## THE TASK:
Each entry has to be given again in its exact wording, and no picture may appear in the result.

## Excerpts from a dataset:
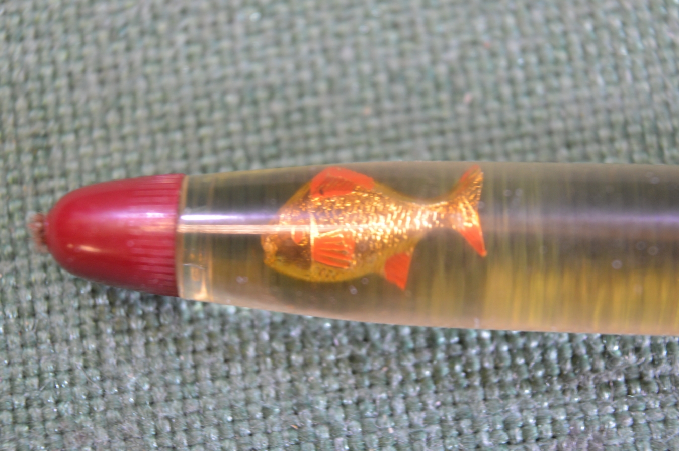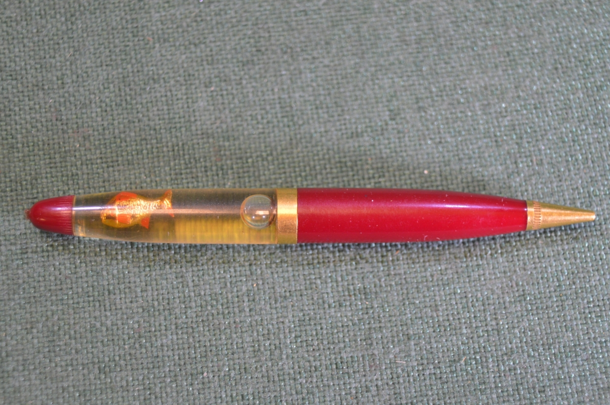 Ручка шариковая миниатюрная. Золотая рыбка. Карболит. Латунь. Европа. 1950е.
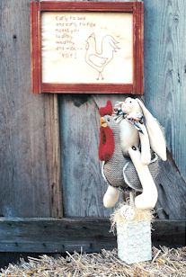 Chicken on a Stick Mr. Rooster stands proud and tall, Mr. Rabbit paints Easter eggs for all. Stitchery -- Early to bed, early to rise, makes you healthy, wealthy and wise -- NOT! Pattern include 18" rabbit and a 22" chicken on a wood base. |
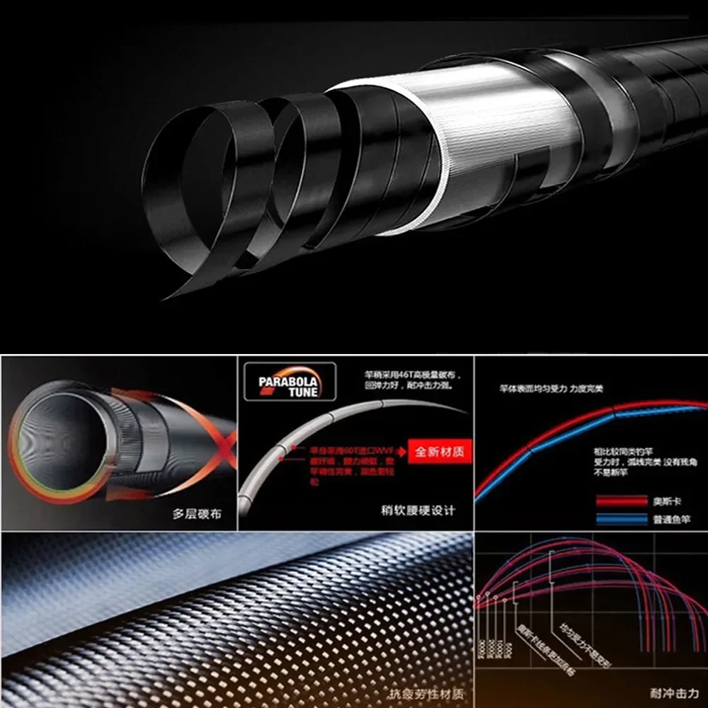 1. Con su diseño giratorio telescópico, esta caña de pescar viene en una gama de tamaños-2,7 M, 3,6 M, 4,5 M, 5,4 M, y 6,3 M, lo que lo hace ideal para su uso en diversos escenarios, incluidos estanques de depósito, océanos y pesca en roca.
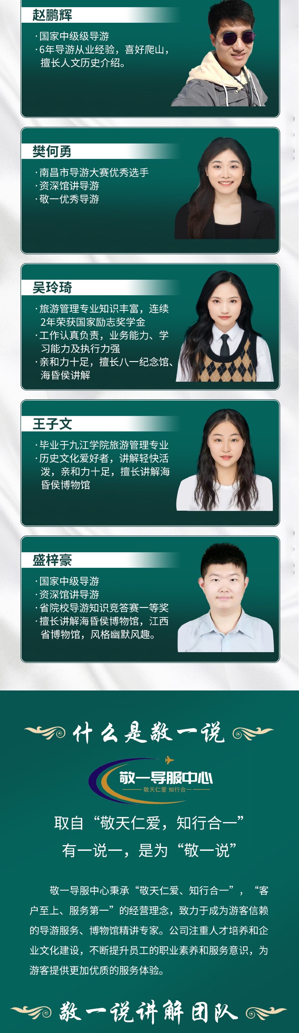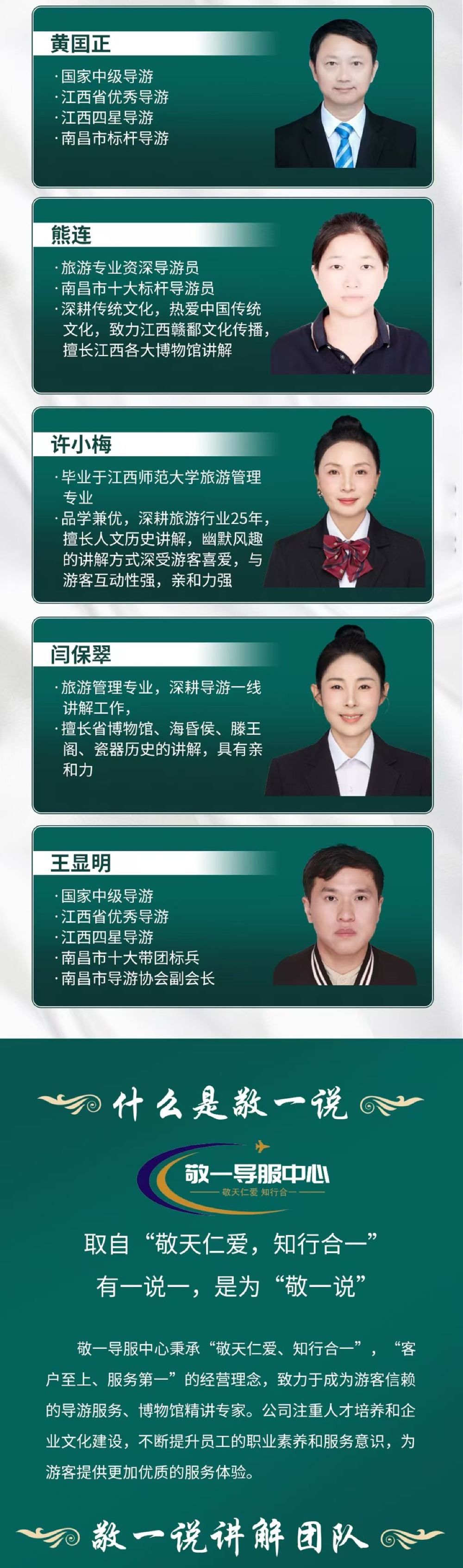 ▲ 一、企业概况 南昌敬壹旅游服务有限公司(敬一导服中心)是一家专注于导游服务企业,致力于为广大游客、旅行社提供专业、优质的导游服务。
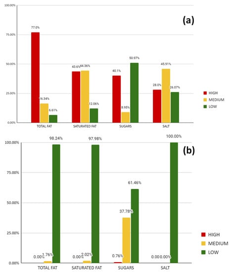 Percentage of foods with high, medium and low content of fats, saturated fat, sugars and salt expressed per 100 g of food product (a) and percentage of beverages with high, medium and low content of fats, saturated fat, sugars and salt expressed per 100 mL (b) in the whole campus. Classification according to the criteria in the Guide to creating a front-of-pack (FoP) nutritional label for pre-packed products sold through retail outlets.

## OUTPUT FOR THIS EXERCISE:
 Ручка шариковая миниатюрная. Золотая рыбка. Карболит. Латунь. Европа. 1950е.
 Chicken on a Stick Mr. Rooster stands proud and tall, Mr. Rabbit paints Easter eggs for all. Stitchery -- Early to bed, early to rise, makes you healthy, wealthy and wise -- NOT! Pattern include 18" rabbit and a 22" chicken on a wood base. |
 1. Con su diseño giratorio telescópico, esta caña de pescar viene en una gama de tamaños-2,7 M, 3,6 M, 4,5 M, 5,4 M, y 6,3 M, lo que lo hace ideal para su uso en diversos escenarios, incluidos estanques de depósito, océanos y pesca en roca.
 ▲ 一、企业概况 南昌敬壹旅游服务有限公司(敬一导服中心)是一家专注于导游服务企业,致力于为广大游客、旅行社提供专业、优质的导游服务。
 Percentage of foods with high, medium and low content of fats, saturated fat, sugars and salt expressed per 100 g of food product (a) and percentage of beverages with high, medium and low content of fats, saturated fat, sugars and salt expressed per 100 mL (b) in the whole campus. Classification according to the criteria in the Guide to creating a front-of-pack (FoP) nutritional label for pre-packed products sold through retail outlets.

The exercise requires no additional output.